→ **What this task involves**: Return all entries word for word, but drop any images.

§

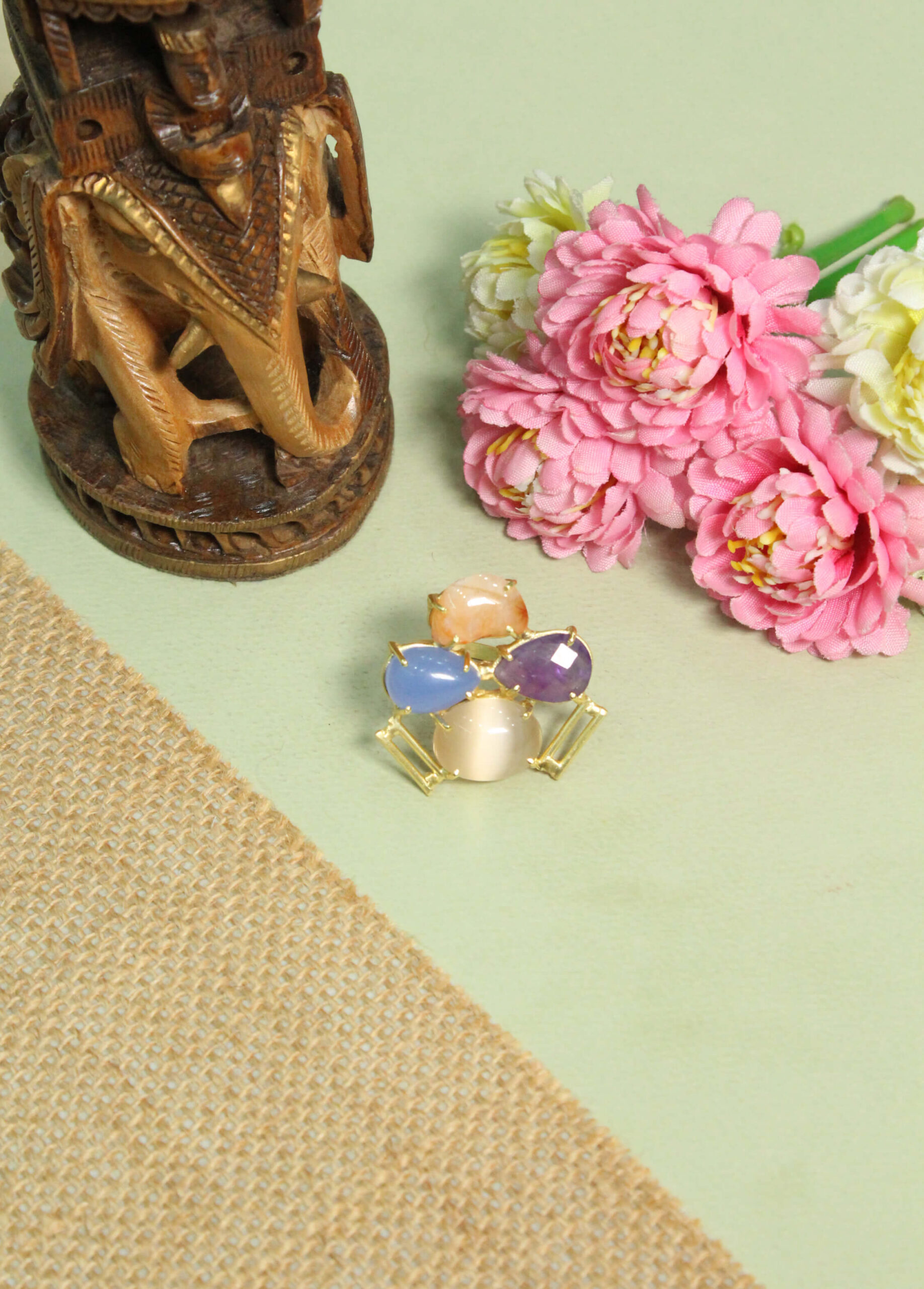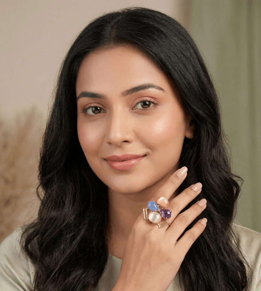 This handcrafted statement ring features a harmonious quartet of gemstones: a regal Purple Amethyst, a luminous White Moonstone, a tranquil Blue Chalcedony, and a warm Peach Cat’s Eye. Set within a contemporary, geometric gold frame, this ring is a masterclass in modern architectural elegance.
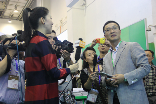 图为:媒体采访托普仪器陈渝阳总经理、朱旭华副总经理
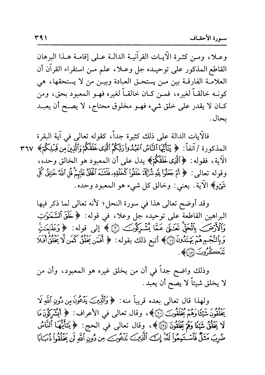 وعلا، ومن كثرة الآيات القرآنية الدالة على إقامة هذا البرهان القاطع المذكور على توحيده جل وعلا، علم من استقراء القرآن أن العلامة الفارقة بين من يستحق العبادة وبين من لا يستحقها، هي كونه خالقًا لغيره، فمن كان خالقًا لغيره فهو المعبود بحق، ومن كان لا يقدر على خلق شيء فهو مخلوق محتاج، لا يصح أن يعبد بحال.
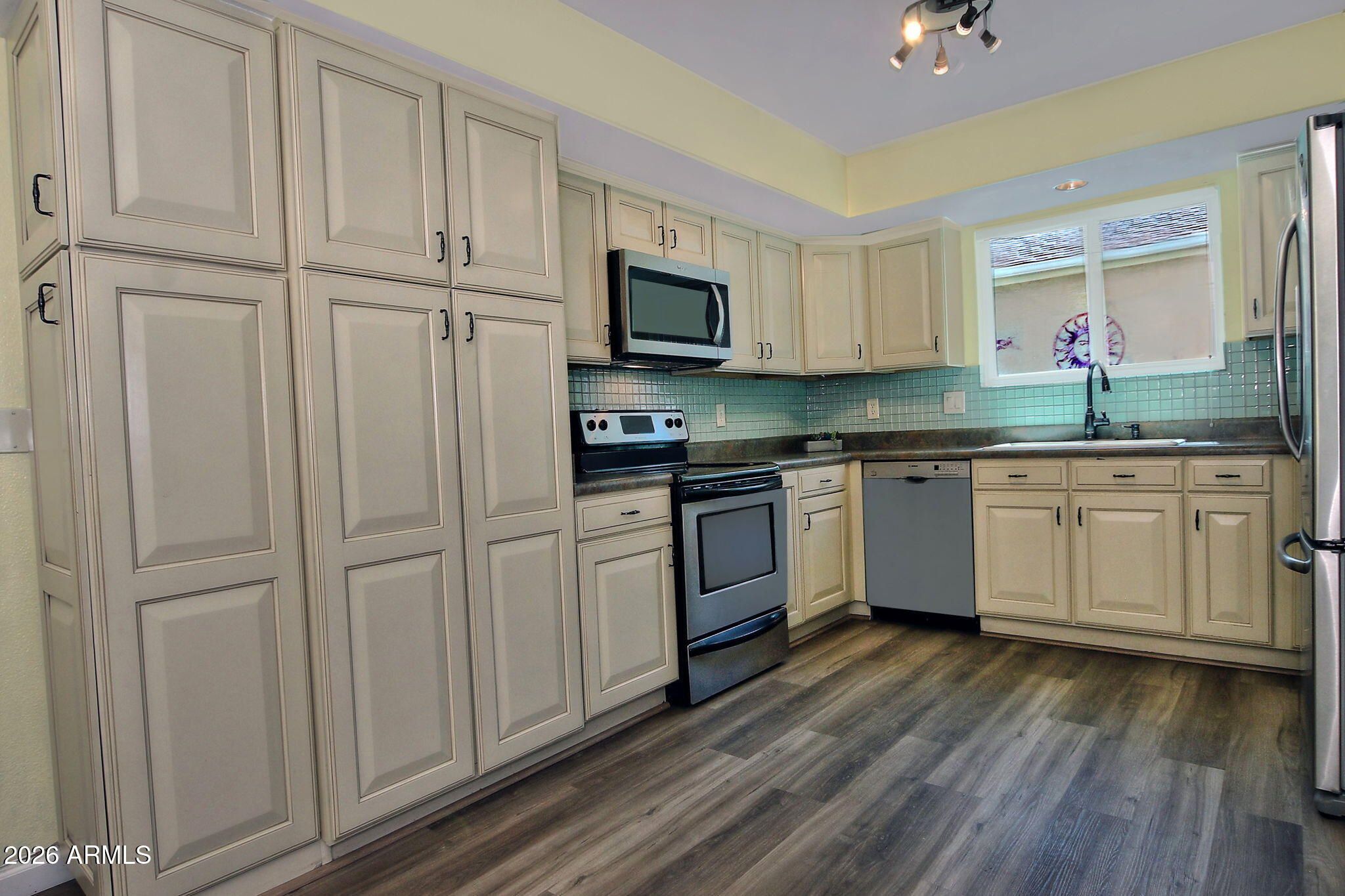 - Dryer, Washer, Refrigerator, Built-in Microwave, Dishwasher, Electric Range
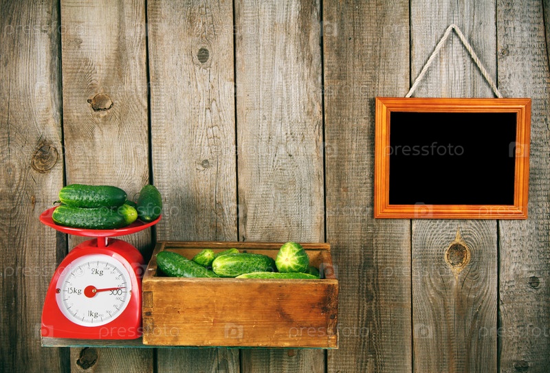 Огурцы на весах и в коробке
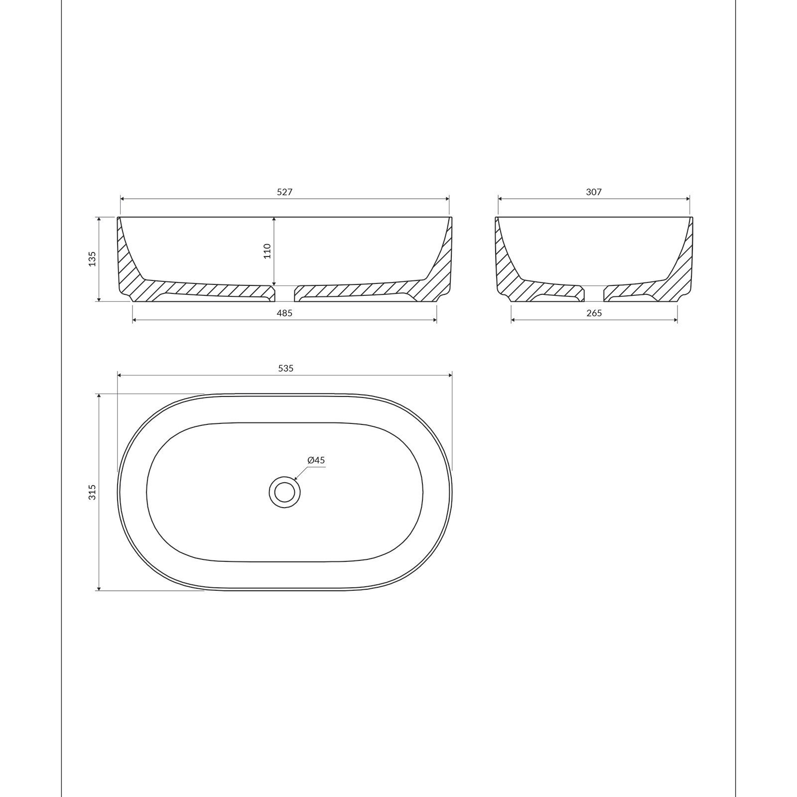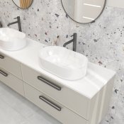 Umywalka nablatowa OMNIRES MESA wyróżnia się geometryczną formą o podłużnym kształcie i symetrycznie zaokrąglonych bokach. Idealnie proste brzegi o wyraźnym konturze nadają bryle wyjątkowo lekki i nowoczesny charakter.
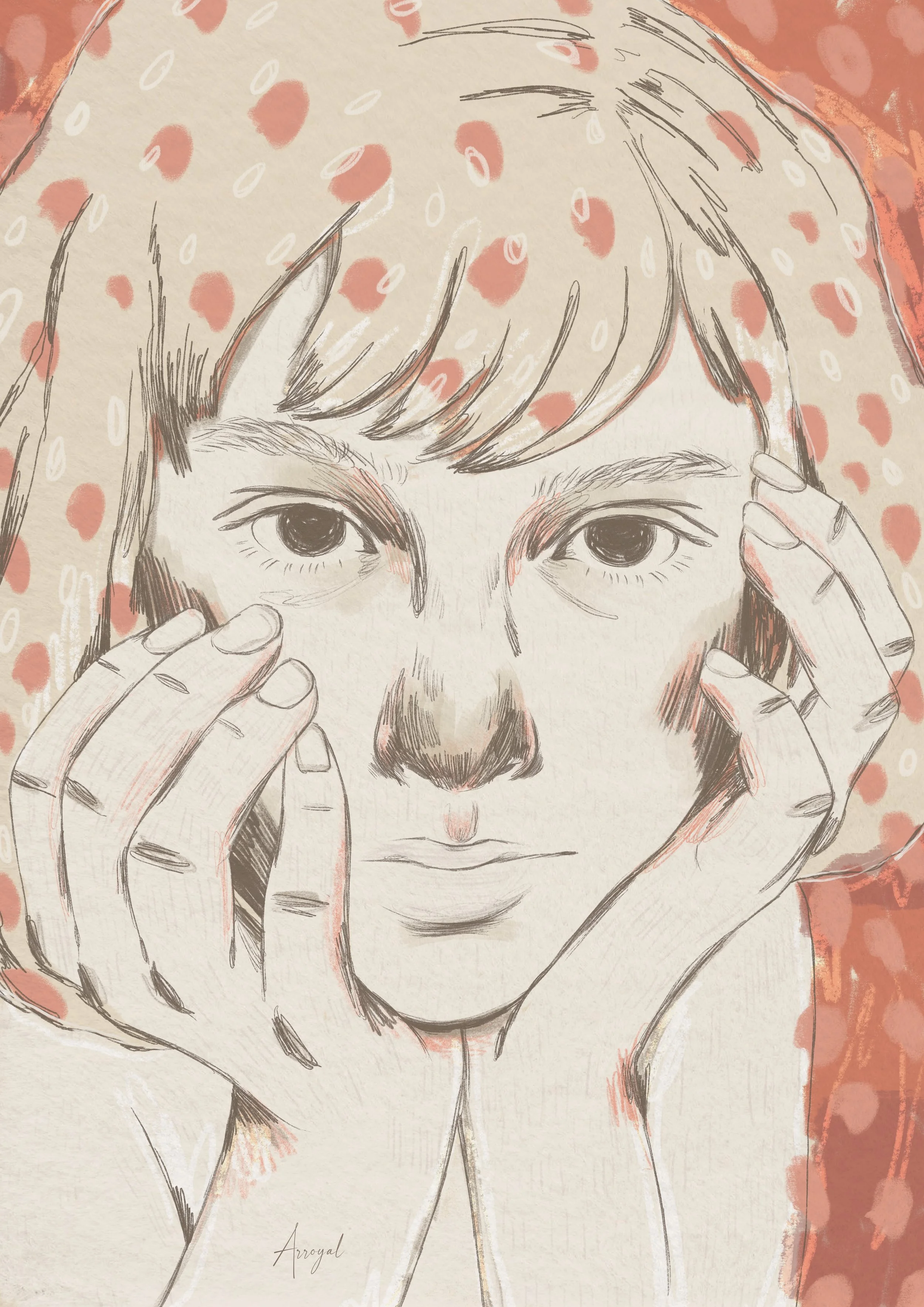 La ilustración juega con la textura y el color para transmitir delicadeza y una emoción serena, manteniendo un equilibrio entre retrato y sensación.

§

→ **Answer box**:
 This handcrafted statement ring features a harmonious quartet of gemstones: a regal Purple Amethyst, a luminous White Moonstone, a tranquil Blue Chalcedony, and a warm Peach Cat’s Eye. Set within a contemporary, geometric gold frame, this ring is a masterclass in modern architectural elegance.
 图为:媒体采访托普仪器陈渝阳总经理、朱旭华副总经理
 وعلا، ومن كثرة الآيات القرآنية الدالة على إقامة هذا البرهان القاطع المذكور على توحيده جل وعلا، علم من استقراء القرآن أن العلامة الفارقة بين من يستحق العبادة وبين من لا يستحقها، هي كونه خالقًا لغيره، فمن كان خالقًا لغيره فهو المعبود بحق، ومن كان لا يقدر على خلق شيء فهو مخلوق محتاج، لا يصح أن يعبد بحال.
 - Dryer, Washer, Refrigerator, Built-in Microwave, Dishwasher, Electric Range
 Огурцы на весах и в коробке
 Umywalka nablatowa OMNIRES MESA wyróżnia się geometryczną formą o podłużnym kształcie i symetrycznie zaokrąglonych bokach. Idealnie proste brzegi o wyraźnym konturze nadają bryle wyjątkowo lekki i nowoczesny charakter.
 La ilustración juega con la textura y el color para transmitir delicadeza y una emoción serena, manteniendo un equilibrio entre retrato y sensación.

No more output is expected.